Would it come to you as a surprise that our inept UK and European politicians are aware of this, I wonder why they are so silent on the issue?
Paragraph 170 and 171 of the House of Commons Foreign Affairs Committee Global Security: Russia Second Report of Session 2007–08

170. The CSRC told us that “Impending shortages of gas […] present new risks of supply disruption to [the] EU.” It also warned of the risk that CIS states dependent on Russian energy were most likely to fall down the widening gap between demand for and supply of Russian energy resources, since, as we have seen, Russia is prepared to prioritise its higher paying EU customers. Dr Averre warned that the likely reduction in Russia’s ability to export “may be more of a problem than the idea of holding countries to ransom. Similarly, Ms Barysch told us that “Our main concern at the moment is not that Russia cuts off the energy to us, but that it will not be able to deliver as much gas to us in the future as we would like to buy”. We conclude that the prospective shortfall in Russian gas production represents an urgent energy security concern for the EU, and a greater one than the risk of Russia disrupting supplies for political reasons. The intensified competition for Russian gas which appears to be in prospect between Russian domestic consumers, Russian CIS customers, and the EU, has the potential to aggravate a number of political relationships. We welcome the Minister for Europe’s apparent awareness of the urgency of the problem. We recommend that the Government work to achieve a common understanding of the likely Russian gas shortfall with both EU partners and Moscow, and that it inform us in its response to this Report of the steps being taken in this regard.

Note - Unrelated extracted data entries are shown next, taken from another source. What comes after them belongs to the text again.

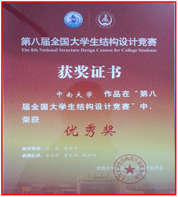 (1)承担2014年度大学生结构国赛,获得优秀奖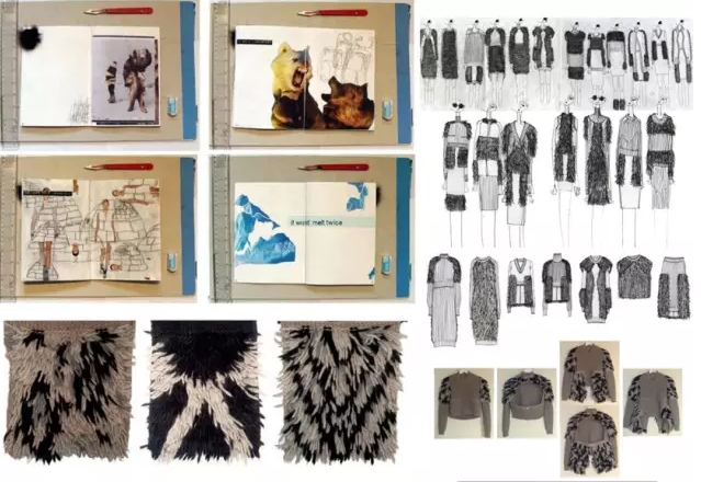 第三,設(shè)計(jì)的衍生發(fā)展過程是最重要的,因?yàn)榭梢苑磻?yīng)作品創(chuàng)作的流程,你的成衣是經(jīng)過一系列嘗試實(shí)驗(yàn)得來的,而不是憑空而來的。
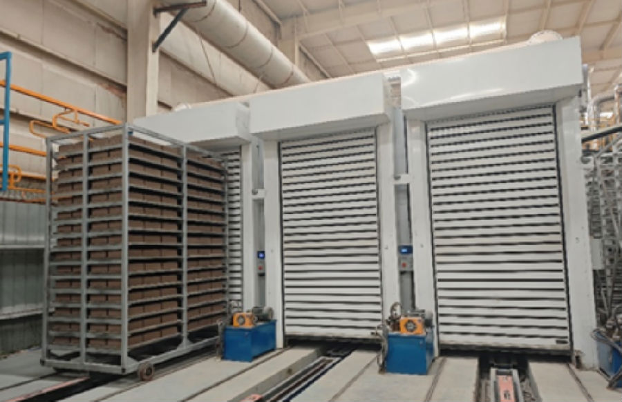 根據(jù)場(chǎng)地面積設(shè)計(jì)三通道或多通道干燥窯,將裝滿的干燥車(chē)通過(guò)步進(jìn)機(jī)構(gòu)送入多通道干燥窯。該設(shè)備前后設(shè)有窯門(mén),以保證窯內(nèi)的壓力、溫度和濕度滿足生產(chǎn)需求,熱源通過(guò)旋風(fēng)系統(tǒng)均勻輸入窯內(nèi)。采用窯爐余熱干燥,實(shí)現(xiàn)零能耗。具有綠色節(jié)能、占地面積小、干燥效率高等優(yōu)勢(shì)。已廣泛應(yīng)用于耐火材料、電瓷、擠出磚瓦等諸多領(lǐng)域。

171. Our witnesses largely attributed the shortfall in productive investment in the Russian gas sector to the dominance there of the Russian state, in the shape of Gazprom. Our witnesses pointed to developments in the Russian oil sector as foreshadowing the pattern that seems likely to unfold in gas. Having been below 20% in 2004, state ownership of the Russian oil industry (by output) is expected to exceed 50% in 2007. However, Professor Hanson told us that “growth of output and export volume of oil has slowed strikingly” over recent years. According to Mr Clark, the two main previously private oil firms, Yukos and Sibneft, were achieving returns on total assets of over 30%. By contrast, Gazprom and the state oil firm Rosneft, which have largely taken over these two firms’ assets, achieve returns of less than 10%.
We should be very concerned about this lack of clarity, in this piece and the associated research paper, again by Prof Alan Riley it is made clear that Gazprom and our reliance on Russian gas is a threat to global security.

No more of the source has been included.